I have seen places on Airbnb, again not in Dipalog, that could include a car for around 1000 with the house rental if you wanted.

This is private rentals, so watch out for insurance coverage and damage scams. Take pictures of the complete vehicle and make sure that they see you do it as well. Even renting from an international company, you do not get good insurance coverage here. (and most likely no roadside assistance if you take the car outside of the city.)


----------



## hogrider (May 25, 2010)

Manitoba said:


> In Puerto Princessia I got cars near the low end of that range. A 1200 cc engine, manual transmission econobox would be about 1700 or even less depending on length of rental.
> 
> A Corolla or similar would be about the middle of that range. around 2200 again depending on length of rental.
> 
> ...


I would be very wary of any sort of cut price/private rental deals. As you pointed out, the potential nightmare situation in the event of an accident should not be taken lightly. Damage to the car would be bad enough, but heaven forbid you were involved in an accident where somebody was killed or injured. Whenever I have rented, it has always been through one of the major international outfits, and yes, it does work out at about P3,000 a day for a mid sized, auto, with ac.


----------



## M.C.A. (Feb 24, 2013)

On Luzon for me to hire a van for an afternoon, it's 3,500 peso's but all day I couldn't imagine the costs, transportation here is expensive but it might be cheaper in Mindanao.


----------



## Gary D (Oct 28, 2013)

M.C.A. said:


> On Luzon for me to hire a van for an afternoon, it's 3,500 peso's but all day I couldn't imagine the costs, transportation here is expensive but it might be cheaper in Mindanao.


When we have hired a van for that sort of money they come with driver. The three self drives recently were all an auto box vios. The expensive one was in dumaguete and cheaper two from subic.


----------



## DonAndAbby (Jan 7, 2013)

MrSam said:


> Any advice would be welcome.
> 
> I will be in Dipolog for three weeks and wanted to hire a pickup or similar for about three weeks. A local contact there tells me that most hire prices are around 3,500p per day which seems excessive to me but I suspect these are 'tourist' prices. I have no experience in the Philippines so wondering if I can expect a different result if I turn up with cash in hand. Would I be able to negotiate a better deal or not? I'm looking at no more than +/-1000p per day which is about what I paid for a brand new rental car in UK for three weeks - yea, I know UK is different from Philippines but you get the idea.
> 
> ...


Search on Facebook. Many PH business' can't have their own webpage so they put up a FB page. That is how we found a few car rental outfits on Bohol.

We ended up renting an 2017 7 seater Avanza from the father of our Air Bnb host, for p2500 a day.


----------



## MrSam (Jul 31, 2012)

Thanks for the replies everybody. I'll see what I can sort out when I arrive.


----------



## Asian Spirit (Mar 1, 2010)

MrSam said:


> Thanks for the replies everybody. I'll see what I can sort out when I arrive.

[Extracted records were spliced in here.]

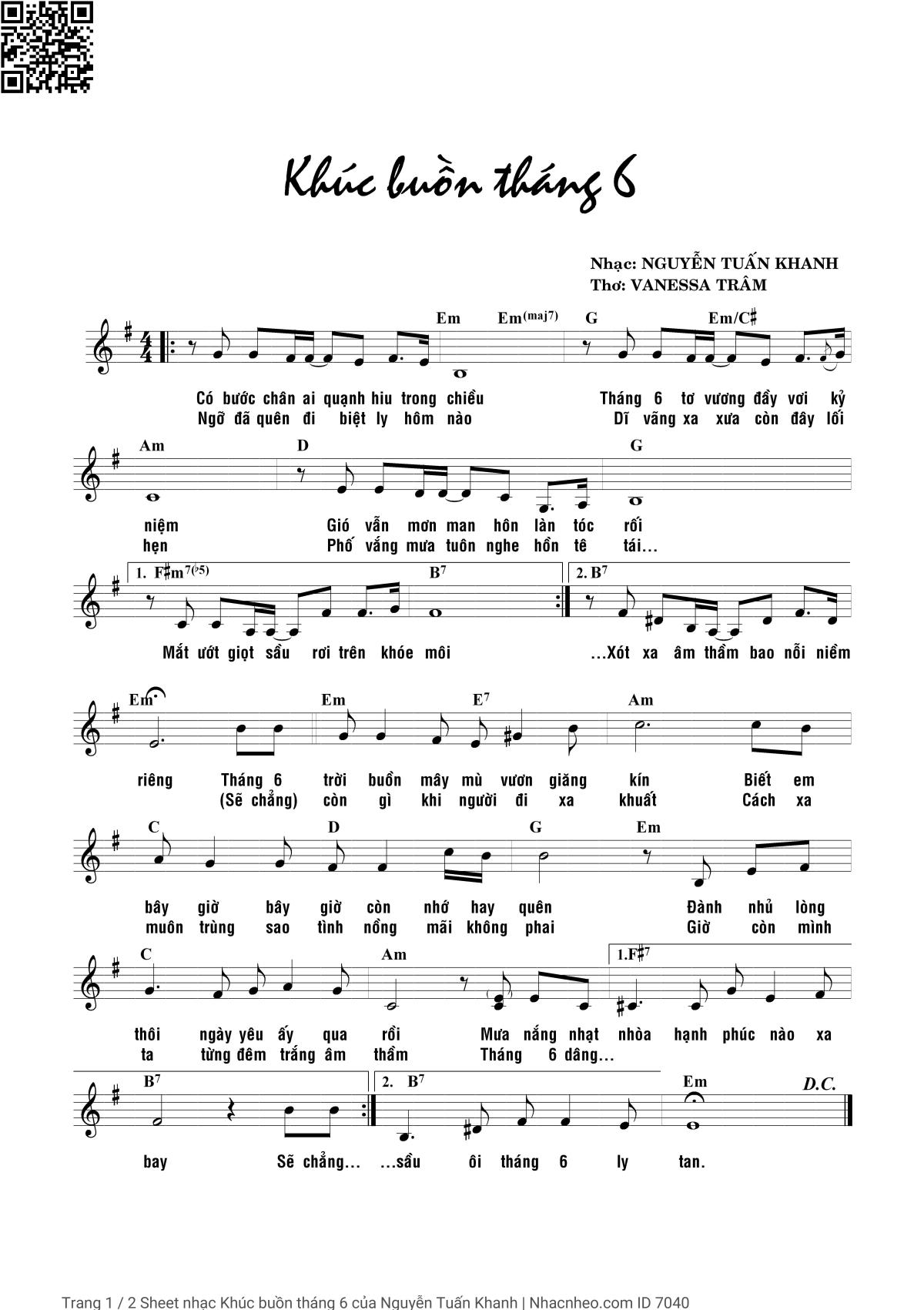 Transposition is the process of moving a song's melody and chords up or down in pitch by a constant interval. The direction of the transposition tool is indicated by a plus (+) sign for up and a minus (-) sign for down. Hover mouse over chords signs to see the chords chart of Khúc buồn tháng 6 song.
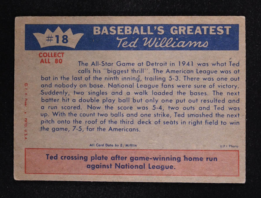 Ted Williams 1959 Fleer Ted Williams #18 All Star Hero
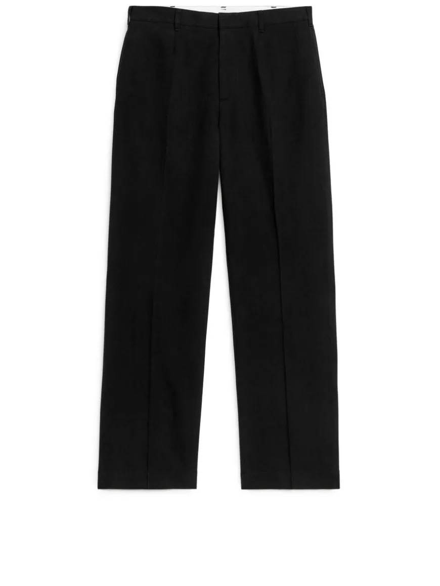 Tailored trousers with wide, straight legs. Styled with pockets at side seams and jetted back pockets with buttons. Button closure, zip fly.
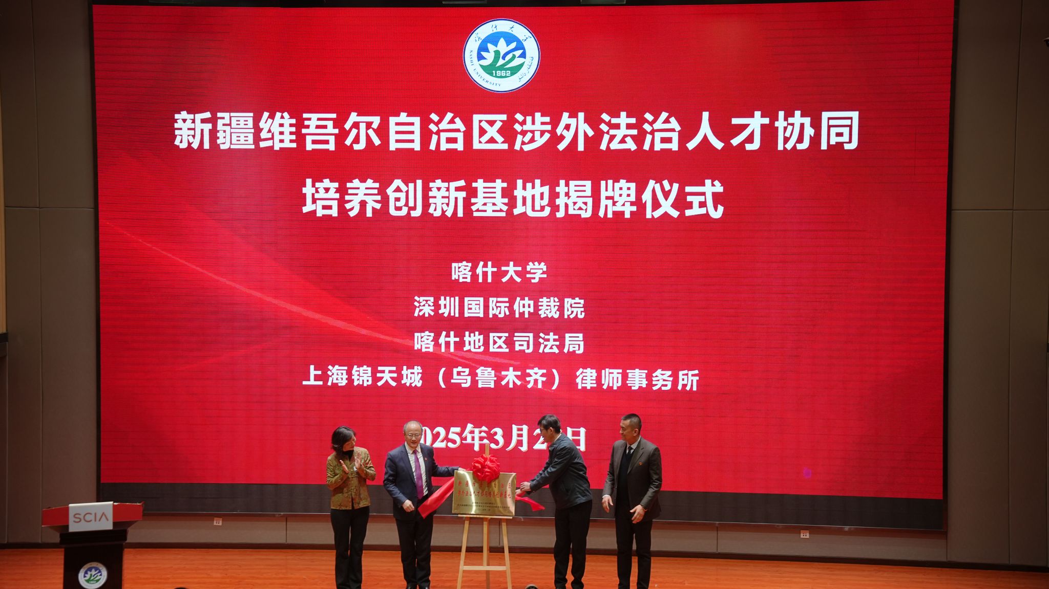 仪式上,喀什大学校党委副书记邓勇,喀什地区司法局党组副书记、局长外力·克衣木,深圳国际仲裁院院长刘晓春,深圳国际仲裁院副院长兼喀什分院院长安欣共同为新疆维吾尔自治区涉外法治人才协同培养创新基地揭牌。
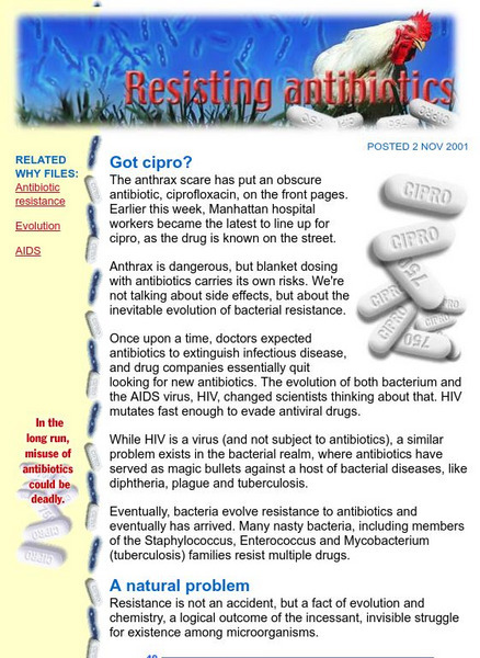 The Why? Files have provided information related to antibiotic resistant viruses. New antibiotics have been created to battle the ever-changing virus.

If this is your first trip here be sure to read your countries and also the US warning for traveling anywhere on Mindanao island. Take them seriously - they are there for a very good reason.


----------



## MrSam (Jul 31, 2012)

Thanks for the warning. I do take them seriously and will definitely be taking suitable precautions. My mo has always been to keep a low profile and not draw attention to myself.


----------